Two tokens from the above training set (one dental and one retroflex) were further modified in Praat to equate burst, vowel, and token duration to total 250ms from onset to offset. The dental token was used as the frequently occurring Standard, and the retroflex token was used as the infrequently occurring Deviant.

Procedure

Participants were scheduled for the experiment on two consecutive days: from 7–9PM on day 1, and 8–10AM on day 2 (Figure 1). At the end of the first session, participants were instructed on the use of the sleep-monitoring headband [11,12], and were sent home with the device. Participants returned at 8AM the next day and were first reassessed behaviorally on their perception of the nonnative contrast. This was followed by a second EEG/ERP recording session, and then by administration of the remaining language and cognitive assessments.

Nonnative phonetic training/assessment

On day 1, participants completed a baseline assessment of discrimination, training using an identification task, identification post-training assessment, and a post-training discrimination assessment. On day 2, participants completed a post-training identification assessment, followed by a post-training discrimination assessment. E-Prime 2.0 software [21] was used for stimulus presentation and recording participant response. Participants were presented the auditory stimuli through SONY MDR-7506 Hi-Fi digital Sound Monitor headphones, at an average listening level of 70 dB SPL.

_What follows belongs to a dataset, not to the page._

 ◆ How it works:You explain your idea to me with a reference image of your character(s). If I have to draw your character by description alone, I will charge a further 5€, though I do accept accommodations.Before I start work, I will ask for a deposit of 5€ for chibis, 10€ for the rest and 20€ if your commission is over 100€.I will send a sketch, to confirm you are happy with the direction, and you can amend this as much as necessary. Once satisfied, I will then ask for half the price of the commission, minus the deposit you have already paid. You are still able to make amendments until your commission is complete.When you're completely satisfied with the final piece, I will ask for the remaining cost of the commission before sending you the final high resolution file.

During training, participants were first exposed to a familiarization sequence of each auditory token presented with the corresponding picture. They were then instructed to choose which of two pictures of novel objects corresponded to each of the two ‘words.’ Participants completed 200 trials of this task with a 2-minute break halfway through, and were provided with written feedback (‘correct’ or ‘incorrect’) after every trial. During each post-training assessment, participants completed 50 trials of the same identification task without feedback. For the discrimination task, participants were presented two tokens in sequence (stimulus onset asynchrony [SOA] of 1 second), and instructed to indicate if the sound at the beginning of the two words belonged to the same or different speech sound category. During each assessment, participants completed 128 (64 ‘same’ and ‘different’) discrimination trials without feedback.

Performance accuracy for each task was converted to d′ scores [22]. In order to avoid infinite values, proportion accuracy scores of 0 or 1 were adjusted to a ceiling z-value of 4.65 [23].

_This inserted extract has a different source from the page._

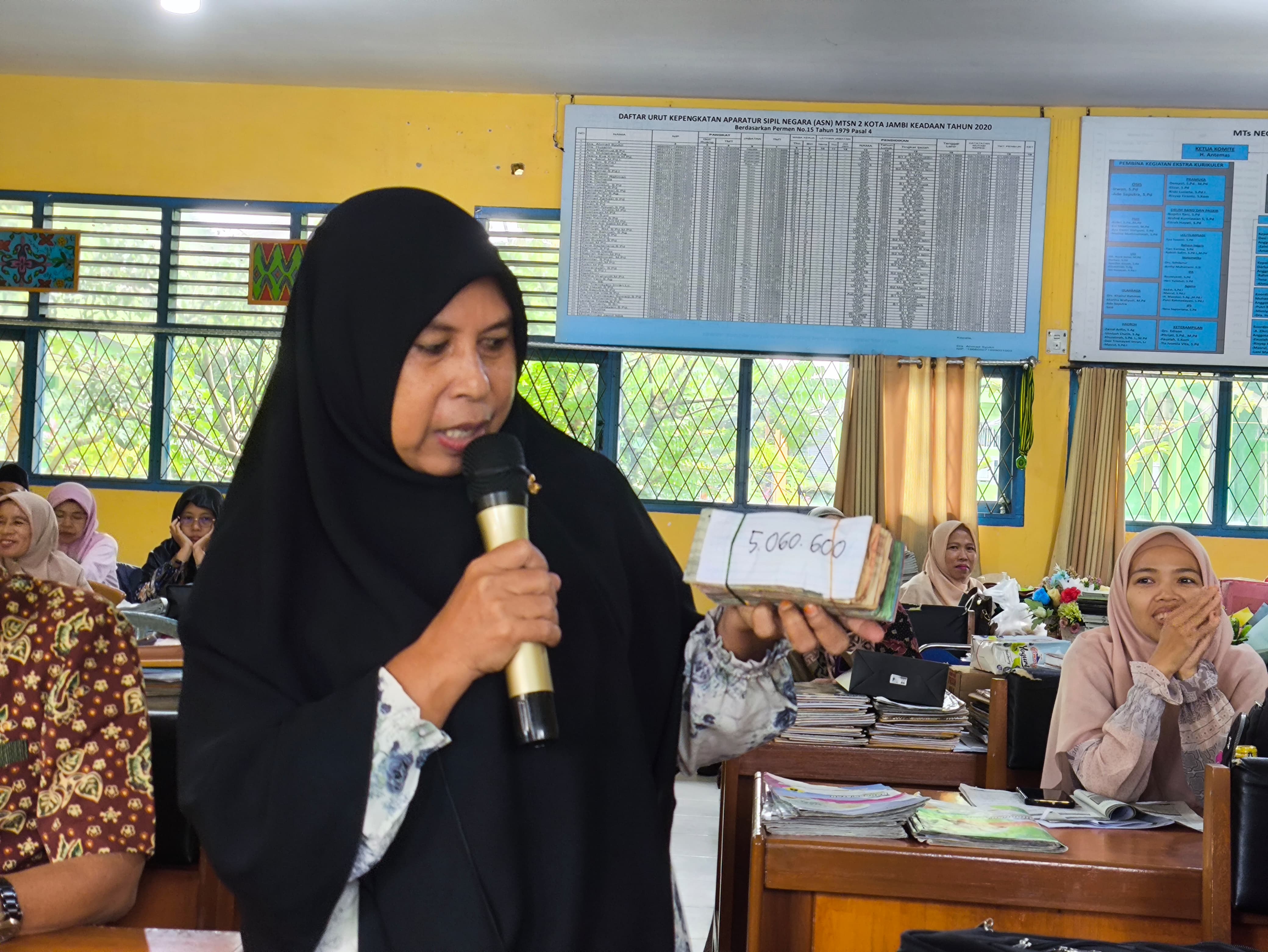 Sebagai bentuk solidaritas dan empati, MTsN 2 Kota Jambi menggalang dana dari seluruh warga madrasah, termasuk siswa, guru, dan tenaga kependidikan. Penggalangan dana dilakukan secara sukarela dan seikhlasnya untuk meringankan beban para korban yang terdampak banjir.Dari hasil penggalangan dana yang dilakukan, terkumpul sejumlah Rp5.815.100,- yang akan disalurkan melalui jalur resmi guna memastikan bantuan sampai kepada yang berhak.

ERP recording and analysis

E-Prime 2.0 software was used for stimulus presentation. Stimuli were presented over two wall-mounted free-field speakers approximately two feet in front and two feet above the participants at an average listening level of 75dB SPL. Participants watched a muted nature documentary during the entire recording. In each recording session, participants were presented with a train of 667 stimuli (15%, or 100, deviant tokens) with an SOA of 650ms in two blocks. Stimuli were arranged in a pseudorandom order such that deviant tokens were presented no fewer than 3, and no more than 8, standard tokens apart.

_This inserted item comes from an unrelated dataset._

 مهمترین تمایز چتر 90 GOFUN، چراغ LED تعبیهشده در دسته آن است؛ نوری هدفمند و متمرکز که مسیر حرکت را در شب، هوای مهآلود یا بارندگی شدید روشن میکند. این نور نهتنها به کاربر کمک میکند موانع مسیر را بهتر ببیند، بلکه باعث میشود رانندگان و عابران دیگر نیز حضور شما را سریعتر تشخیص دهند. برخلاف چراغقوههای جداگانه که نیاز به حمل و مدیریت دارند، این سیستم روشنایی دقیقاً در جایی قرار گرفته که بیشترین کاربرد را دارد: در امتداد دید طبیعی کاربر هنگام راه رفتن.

The EEG was recorded continuously using a 128-channel Hydrocel geodesic sensor net [24] with a Cz reference. Data were sampled at 500 Hz/channel with hardware filter settings 0.1–100 Hz. Using Netstation software [24], the recordings were bandpass filtered (0.3–30 Hz) and segmented (−100 to 800 ms from stimulus onset) to obtain ERPs. Segments containing artifacts (defined as min-max voltage > 200μv over a moving average of 80ms for eye blinks, and min-max voltage > 100 μv over a moving average of 80ms for eye movements) were removed and bad channels (defined as channels with greater than 40% of segments marked bad) were spline interpolated before averaging. The data was re-referenced to the average reference and baseline corrected to 100 ms pre-stimulus presentation. Across participants, the number of segments retained for statistical analyses are as follows: for day 1, 72% deviant, 74% standard; for day 2, 71% deviant, 71% standard.

Only Standard tokens that immediately preceded Deviant tokens were included in statistical analyses. Area under the curve from 150 to 200ms post-stimulus onset (where the MMN has been identified for auditory stimuli with only a subtle difference [25]) was calculated for the response waveforms at the electrode corresponding to Fz in the 10/20 system for each condition separately, and subjected to further statistical analysis. Individual MMN values were computed by calculating the difference between the Deviant and Standard waveforms for the specified time window.

Results

Association between behavior and sleep

We tracked performance in each perceptual task (discrimination and identification) on days 1 and 2 (Figure 1). An initial repeated measures analysis of variance (ANOVA) with time as the within-subjects factor, and subsequent paired samples t-tests, determined that participants improved in discrimination performance at each time point (Time main effect: F(2,34) = 12.09; p<.001, η2=.42; baseline to day 1 post, t(17)=2.74, p=.014; day 1 to day 2 post, t(17)=3.02, p=.008; all pairwise comparisons significant at .05 after Bonferroni correction). A paired samples t-test determined that participants improved in identification performance between days 1 and 2 (t(17)=4.51, p<.001). The increase in performance from day 1 to day 2 in the absence of further training replicates previous findings showing that an intervening period of sleep facilitates improvement on perceptual tasks [5].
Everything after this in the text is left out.